● **DATA EXTRACT**
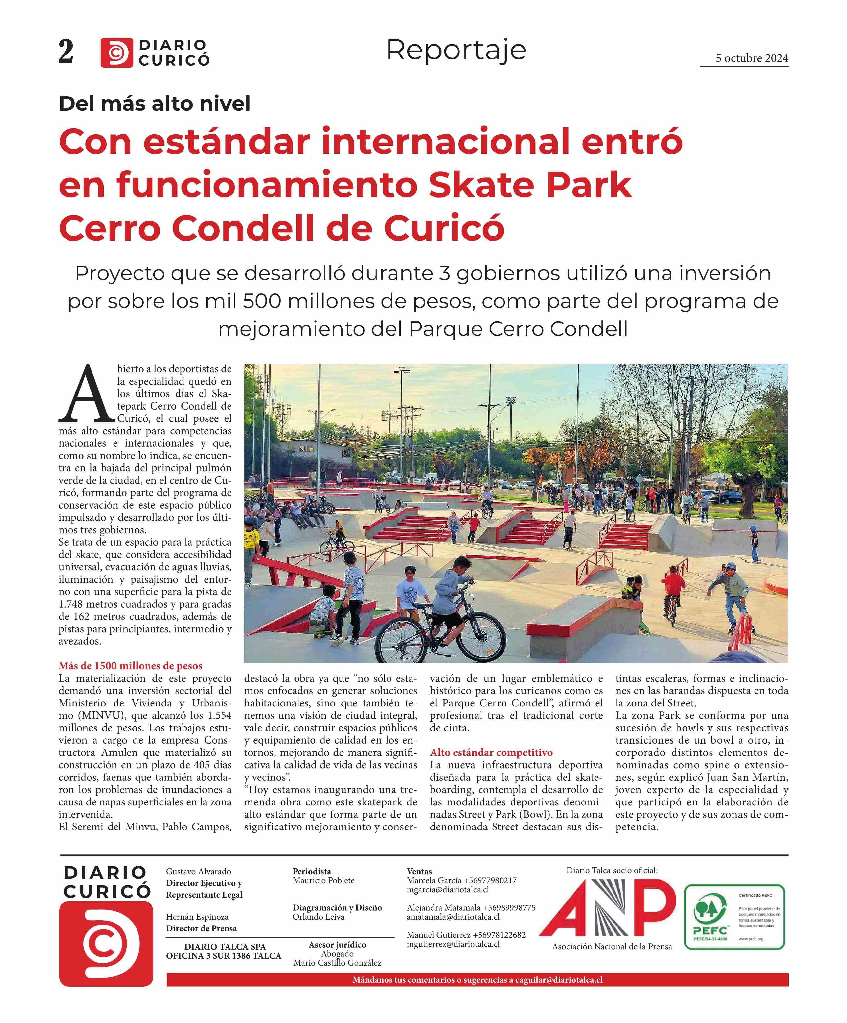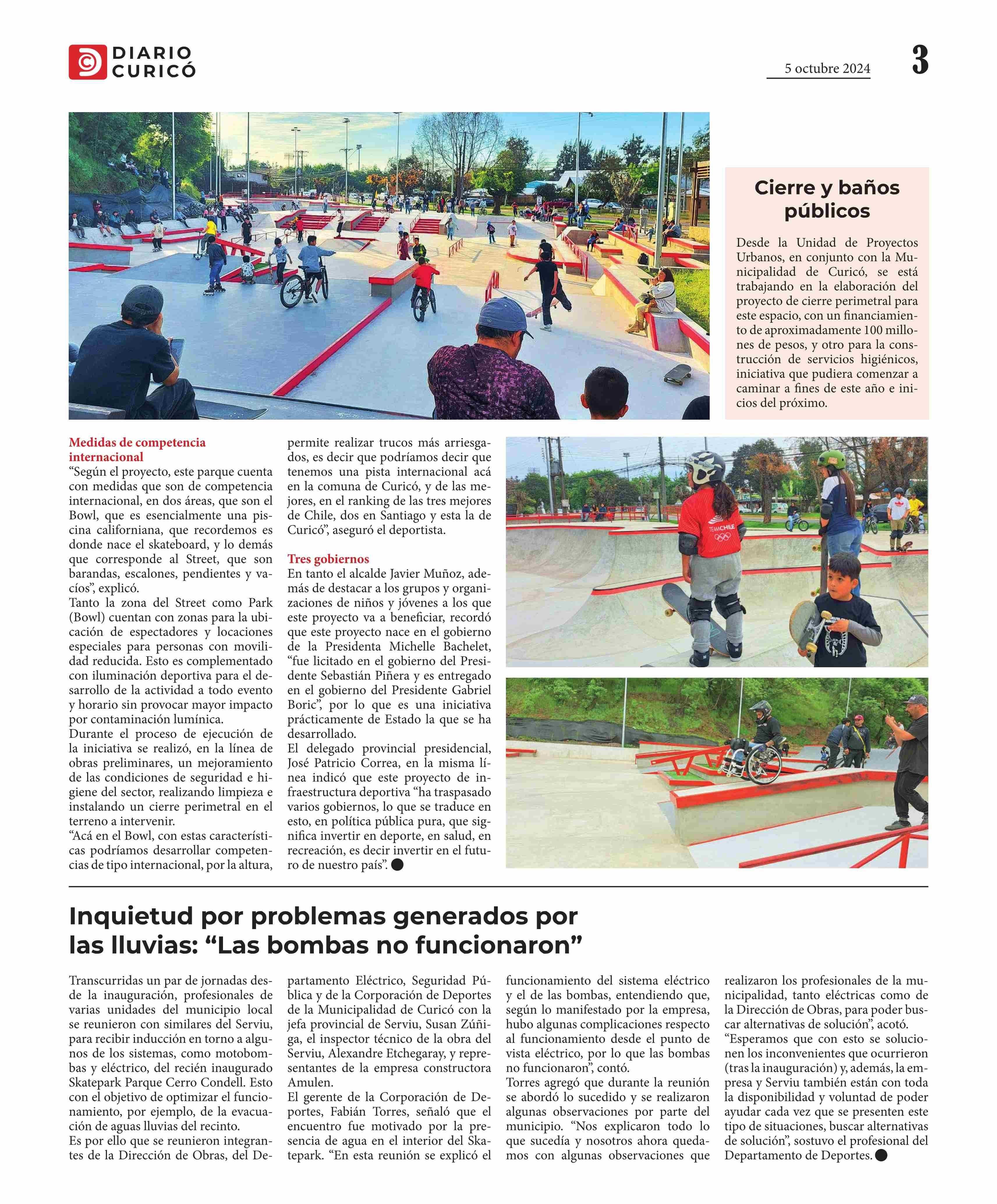 Con estándar internacional entró en funcionamiento Skate Park Cerro Condeil de Curicó 05-10-2024 Diario Talca |
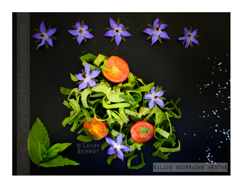 Revenons à la salade du jour! La feuille de bourrache a une saveur aqueuse délicate, qui se situe entre le concombre et la pastèque. J’ai eu envie de l’associer à la menthe, pour la fraîcheur, et à quelques tomates cerises, pour le contraste de goût sucré-acidulé.
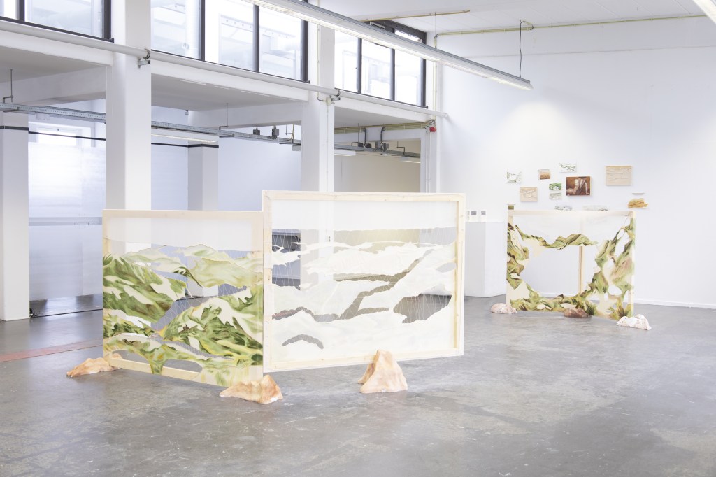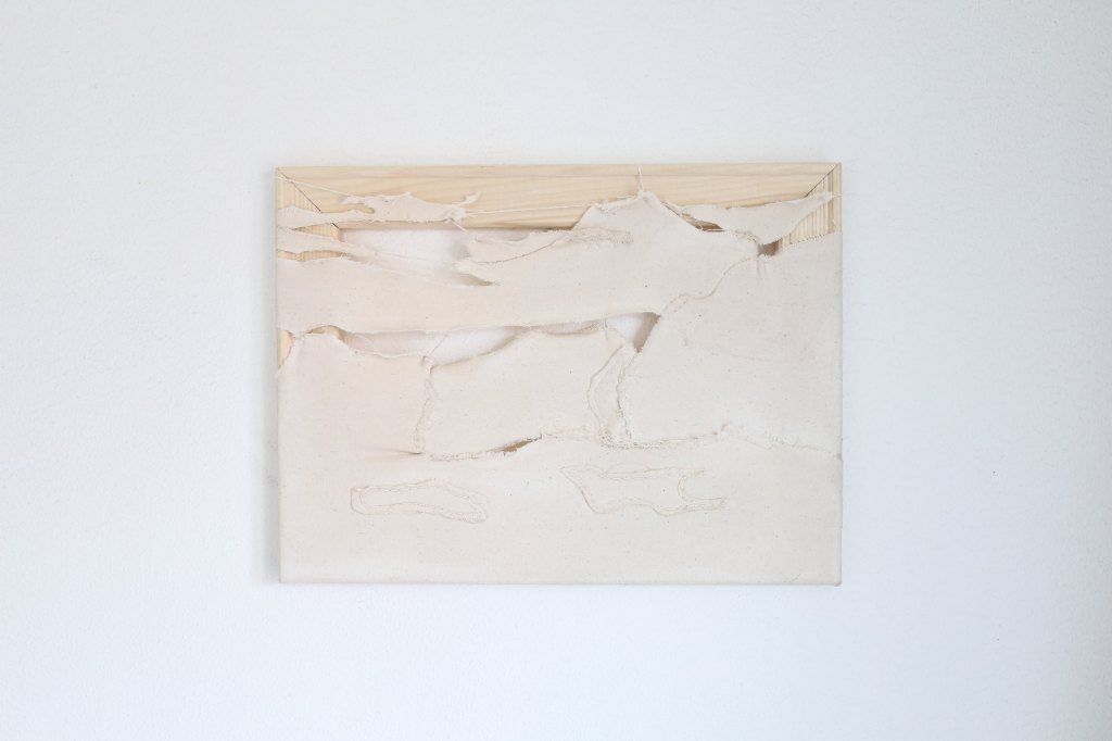 Paintings: selfmade oil paint, pigments, cotton yarn, cotton canvas, textiles, wood

● **EXERCISE OBJECTIVE**
Exact copy, no pictures: reproduce the whole listing above.

● **SOLUTION FOR THIS PROBLEM**
 Con estándar internacional entró en funcionamiento Skate Park Cerro Condeil de Curicó 05-10-2024 Diario Talca |
 Revenons à la salade du jour! La feuille de bourrache a une saveur aqueuse délicate, qui se situe entre le concombre et la pastèque. J’ai eu envie de l’associer à la menthe, pour la fraîcheur, et à quelques tomates cerises, pour le contraste de goût sucré-acidulé.
 Paintings: selfmade oil paint, pigments, cotton yarn, cotton canvas, textiles, wood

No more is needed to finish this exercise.